Brand-name particulate respirators, 3M 9001 with KN90 (3M1) and 3M Aura 9332+, are composed of 5 layers. The later model has the middle layer thick and pillow-like shape. The former model has two layers in the middle is composed of very fine fibers.

3.4. Airlow rate and RE

A mask is an equipment that is very specific in use; however, the working principle is as a filter. When airflow moves into the mask, the friction the mask layer creates turbulence around the pores. A higher airflow is translated to a shorter contact time with materials and a lower probability that the particles to be adsorb onto the fiber matrix. For the mechanism of filtering, please refer to this link for more information.

Figs. 12-15 presents a snapshot analysis for 4 candidates of each type. Those graphs provide detailed visuals. The correlation of the fan duty to RE is presented in Fig. 15. The author used the fan duty as the surrogate for flow rate indicator.

flow fabric
Fig. 12: Snapshot analysis with a fabric mask (FU2).
flow surgical
Fig. 13: Snapshot analysis with a surgical mask (S3).
flow through PM2.5
Fig. 14: Snapshot analysis with an air mask (A2N).
flow through 3M
Fig. 15: Snapshot analysis with a particulate respirator (3M2).

The results in Fig. 16 is consistent with the RE in Table 2. The fabric mask is porous to PMs that leads to marginal RE. The RE is not correlated with airflow because the friction is minimal. With surgical and air masks, a negative correlation indicates at a higher flow rate, a lower RE of PMs. The 3M Aura with FFP3 standard shows a correlation of -0.51, which is in line with the two above but the effect of airflow to the RE is smaller. This suggests improvements in 3M mask that allows a higher airlow with a less nagative on RE.

Fan to RE
Fig. 16: Correlation of fan duty to PMs removal efficiency. The correlation factor was calculated using Pandas built-in function and presented on the top of each graph.

The problem associated with PMs pollution is not singular to Vietnam. Other countries such as China and India have been experienced unhealthy levels. Exisiting blog posts and journal research are relevant to users in Vietnam to understand the basic and consider the recommendations. For example, Yu at el., 2014 found that the fitting of standard N95 mask to Chinese works is "poor". Informative blogs posts on the testing methods and performance of masks are useful for the "citizen science" approach.

3.5. Limitations

In a research journal, the limitation section is not included. Nevertheless, the goal of this study is to inform the mask users and some limitation the author should spell out.

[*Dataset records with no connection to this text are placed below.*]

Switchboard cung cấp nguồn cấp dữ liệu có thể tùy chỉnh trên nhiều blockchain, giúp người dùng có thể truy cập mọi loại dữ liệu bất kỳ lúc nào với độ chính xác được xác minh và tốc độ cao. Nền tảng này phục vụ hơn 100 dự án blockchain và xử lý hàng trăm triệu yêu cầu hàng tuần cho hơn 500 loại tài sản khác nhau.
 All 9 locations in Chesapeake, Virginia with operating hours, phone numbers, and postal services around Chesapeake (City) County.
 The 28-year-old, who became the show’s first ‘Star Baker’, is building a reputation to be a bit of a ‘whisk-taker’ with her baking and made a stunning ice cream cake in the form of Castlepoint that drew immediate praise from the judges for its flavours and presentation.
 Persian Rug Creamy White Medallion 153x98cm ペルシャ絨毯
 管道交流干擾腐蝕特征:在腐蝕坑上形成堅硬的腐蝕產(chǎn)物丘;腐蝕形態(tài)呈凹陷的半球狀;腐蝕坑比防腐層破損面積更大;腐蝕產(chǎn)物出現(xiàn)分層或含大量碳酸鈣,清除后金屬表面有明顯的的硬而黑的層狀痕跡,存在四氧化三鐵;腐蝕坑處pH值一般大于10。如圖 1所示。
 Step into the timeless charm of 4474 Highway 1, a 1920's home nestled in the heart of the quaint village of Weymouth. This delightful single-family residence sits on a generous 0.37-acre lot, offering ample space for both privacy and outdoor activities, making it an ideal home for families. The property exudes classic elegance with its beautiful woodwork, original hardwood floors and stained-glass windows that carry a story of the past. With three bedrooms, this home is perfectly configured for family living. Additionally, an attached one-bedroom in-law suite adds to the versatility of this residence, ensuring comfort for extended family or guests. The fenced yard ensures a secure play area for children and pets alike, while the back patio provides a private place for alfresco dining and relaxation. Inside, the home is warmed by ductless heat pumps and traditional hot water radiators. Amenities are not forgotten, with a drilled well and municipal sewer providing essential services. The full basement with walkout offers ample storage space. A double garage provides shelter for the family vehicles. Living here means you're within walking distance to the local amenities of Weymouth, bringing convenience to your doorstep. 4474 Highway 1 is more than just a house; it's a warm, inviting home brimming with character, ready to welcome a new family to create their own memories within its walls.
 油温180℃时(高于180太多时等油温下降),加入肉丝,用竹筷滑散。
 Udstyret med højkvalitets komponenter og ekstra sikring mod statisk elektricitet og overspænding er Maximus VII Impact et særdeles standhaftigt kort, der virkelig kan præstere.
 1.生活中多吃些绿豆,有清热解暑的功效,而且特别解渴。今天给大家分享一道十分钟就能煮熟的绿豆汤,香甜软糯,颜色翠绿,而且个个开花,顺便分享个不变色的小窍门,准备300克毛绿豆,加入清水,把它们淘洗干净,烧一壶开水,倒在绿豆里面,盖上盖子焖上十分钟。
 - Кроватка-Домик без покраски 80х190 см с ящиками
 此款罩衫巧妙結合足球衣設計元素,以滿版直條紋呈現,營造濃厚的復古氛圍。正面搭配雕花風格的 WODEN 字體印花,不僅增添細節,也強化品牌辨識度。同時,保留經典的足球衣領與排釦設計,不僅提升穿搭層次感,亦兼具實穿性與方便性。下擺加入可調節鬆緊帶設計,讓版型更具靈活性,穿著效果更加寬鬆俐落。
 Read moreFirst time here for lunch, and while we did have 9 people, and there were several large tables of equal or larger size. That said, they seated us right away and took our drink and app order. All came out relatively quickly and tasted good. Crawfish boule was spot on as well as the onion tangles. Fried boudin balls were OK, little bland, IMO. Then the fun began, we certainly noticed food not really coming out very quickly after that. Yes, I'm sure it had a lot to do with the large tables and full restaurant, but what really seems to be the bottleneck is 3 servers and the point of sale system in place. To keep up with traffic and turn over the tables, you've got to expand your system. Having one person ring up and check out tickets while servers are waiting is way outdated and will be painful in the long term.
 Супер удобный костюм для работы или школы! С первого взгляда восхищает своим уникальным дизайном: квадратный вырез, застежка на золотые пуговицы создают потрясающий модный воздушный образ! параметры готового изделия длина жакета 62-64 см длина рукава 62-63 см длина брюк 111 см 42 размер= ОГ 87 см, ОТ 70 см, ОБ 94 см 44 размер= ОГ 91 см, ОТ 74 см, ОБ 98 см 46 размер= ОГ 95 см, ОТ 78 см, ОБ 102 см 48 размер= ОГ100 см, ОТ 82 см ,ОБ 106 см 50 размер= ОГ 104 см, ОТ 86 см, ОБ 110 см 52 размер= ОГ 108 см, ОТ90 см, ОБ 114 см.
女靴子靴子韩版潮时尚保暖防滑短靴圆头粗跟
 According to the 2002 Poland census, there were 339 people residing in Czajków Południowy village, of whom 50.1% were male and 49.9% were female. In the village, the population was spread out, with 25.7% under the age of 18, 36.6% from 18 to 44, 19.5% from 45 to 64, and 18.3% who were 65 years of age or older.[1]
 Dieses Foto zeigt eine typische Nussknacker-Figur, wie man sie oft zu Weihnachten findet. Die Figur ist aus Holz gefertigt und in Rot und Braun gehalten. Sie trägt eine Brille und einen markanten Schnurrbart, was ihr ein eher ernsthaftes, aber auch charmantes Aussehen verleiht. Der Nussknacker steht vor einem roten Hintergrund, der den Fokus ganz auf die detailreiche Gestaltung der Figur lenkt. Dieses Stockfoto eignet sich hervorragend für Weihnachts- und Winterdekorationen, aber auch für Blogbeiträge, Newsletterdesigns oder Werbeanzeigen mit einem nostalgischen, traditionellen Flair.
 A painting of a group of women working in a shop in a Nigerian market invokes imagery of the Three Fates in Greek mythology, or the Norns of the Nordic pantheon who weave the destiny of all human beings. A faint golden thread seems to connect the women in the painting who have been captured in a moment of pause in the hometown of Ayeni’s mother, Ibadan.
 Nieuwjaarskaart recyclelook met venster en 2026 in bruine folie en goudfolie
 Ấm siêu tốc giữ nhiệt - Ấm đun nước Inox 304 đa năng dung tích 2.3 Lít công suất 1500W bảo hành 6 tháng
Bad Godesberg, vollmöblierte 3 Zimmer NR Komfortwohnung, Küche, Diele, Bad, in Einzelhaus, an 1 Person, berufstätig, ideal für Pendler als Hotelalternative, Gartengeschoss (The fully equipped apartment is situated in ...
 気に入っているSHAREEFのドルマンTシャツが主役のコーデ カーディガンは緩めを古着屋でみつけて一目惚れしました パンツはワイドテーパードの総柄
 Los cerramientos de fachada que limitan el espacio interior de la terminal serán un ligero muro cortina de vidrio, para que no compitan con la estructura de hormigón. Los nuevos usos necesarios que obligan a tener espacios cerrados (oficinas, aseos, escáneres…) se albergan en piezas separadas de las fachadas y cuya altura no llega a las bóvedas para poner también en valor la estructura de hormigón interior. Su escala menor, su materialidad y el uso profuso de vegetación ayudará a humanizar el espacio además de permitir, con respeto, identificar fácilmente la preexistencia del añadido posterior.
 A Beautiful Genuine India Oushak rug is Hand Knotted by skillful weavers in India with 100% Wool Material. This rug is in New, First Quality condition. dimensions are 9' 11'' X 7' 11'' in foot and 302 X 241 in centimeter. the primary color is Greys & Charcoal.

  • Wearing a mask on the face is different than having a flat layer mounted on the PVC pile. The latter applies to this study. Fitting factor, in plain English, is how the mask fitted on the user's face to prevent leakage or shortcut of airflow. The standard tests included fitting a mask on the face and measure the number of particles of certain size inside and outside the mask. Therefore, the results in Table 2 represent the maximum removal efficiency in the testing conditions in this study.
  • Not all the mask are designed with the same forms. Surgical masks are better to remove PMs but the form is not designed for a close space around the nose. Short airflow from the sides of mask renders the RE to almost none with the ambient air. The fabric masks are better to curse around the nose, but the materials are not adequate to protect users against PMs. This emphasizes the first points. Even with a well-designed mask, how user's face features and actual wearing affects the final efficiency of removal, which is out of the scope in this study.
  • The results in this study neither support nor discard the rating by the manufacturer because of different testing conditions, equipment and procedures were applied. The author prefer a testing condition simulated the on-road condition rather with standard reagents. Choosing a brand name and wear the mask properly is one sentence summary.